Izzy Lenga is running for National Union of Students (NUS) vice president of welfare in the upcoming April elections, after being recognized in January by the World Union of Jewish Students as a key player in “calling out and challenging antisemitism in [the NUS].
Lenga has served on the NUS national executive council for two years and has been a vociferous internal critic of the student movement, saying it has become “toxic” for Jews and holds anti-Israel “double standards,” according to the UK-based Jewish Chronicle.
The Jewish News reported that Lenga’s campaign promises include easing students’ financial burdens and doing away with the British government’s “racist, hostile and failing” Prevent program, which requires public figures to report those harboring extremist views.

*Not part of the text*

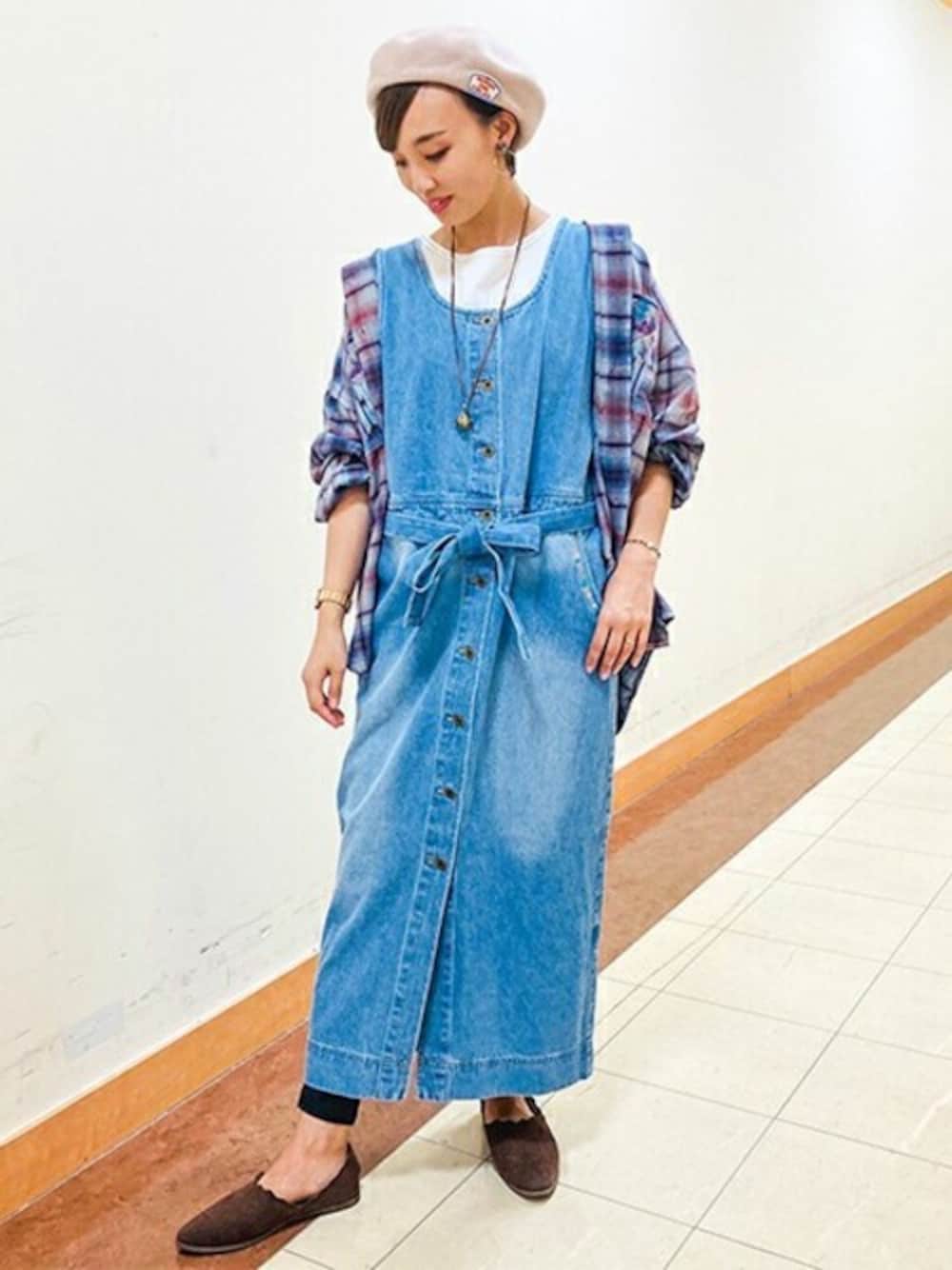 デニム+チェックシャツの鉄板コーデ★ ベレーとレギンスを足すことでグンと大人度がアップします。 こなれ感の出せる大人ラフコーデです!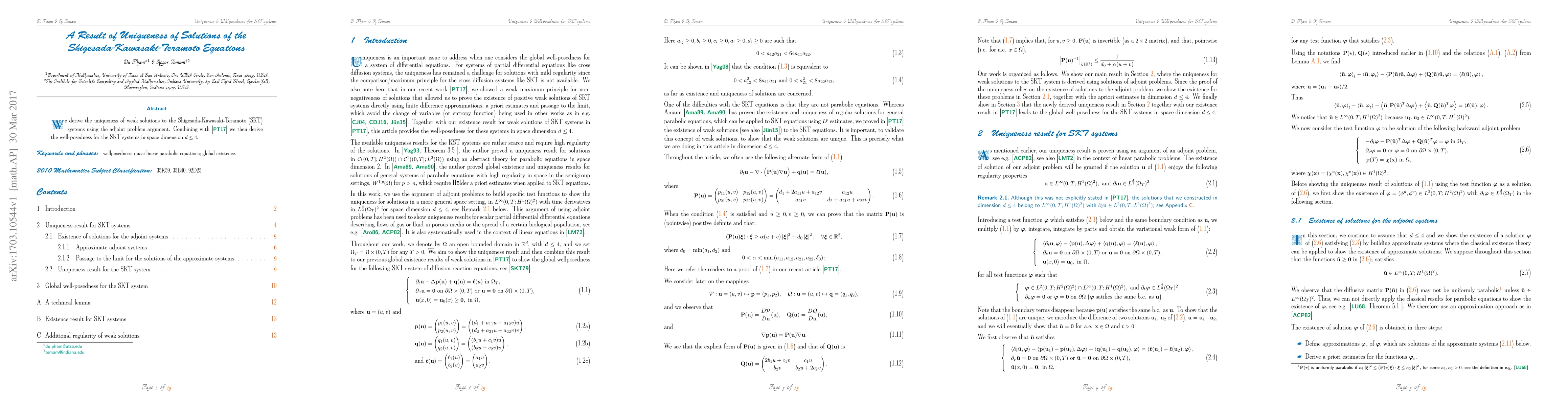 This paper establishes the uniqueness of weak solutions to the Shigesada-Kawasaki-Teramoto (SKT) equations using the adjoint problem method. It further combines this result with prior work to demonstrate well-posedness for the SKT systems in dimensions $d \leq 4$.

Lenga first garnered attention in 2015, when she was “bombarded” by Holocaust-glorifying posts on social media when she tweeted that a poster announcing “Hitler was right” had been found on the Birmingham campus, The Mirror reported.
Pro-Israel students were in an uproar last year when the NUS elected as president Malia Bouattia, a woman who recently participated in a “Palestine Conference” backed by Hamas apologists and who was slammed by the British government for failing to take antisemitism on campus seriously. Some student groups took steps to officially break ties with the NUS over Bouattia’s election.
One current candidate for the NUS presidency criticized the movement for passing a motion in favor of BDS and “relentlessly bang[ing] on about…Israel,” while ignoring conflicts in other parts of the world, as The Algemeiner reported.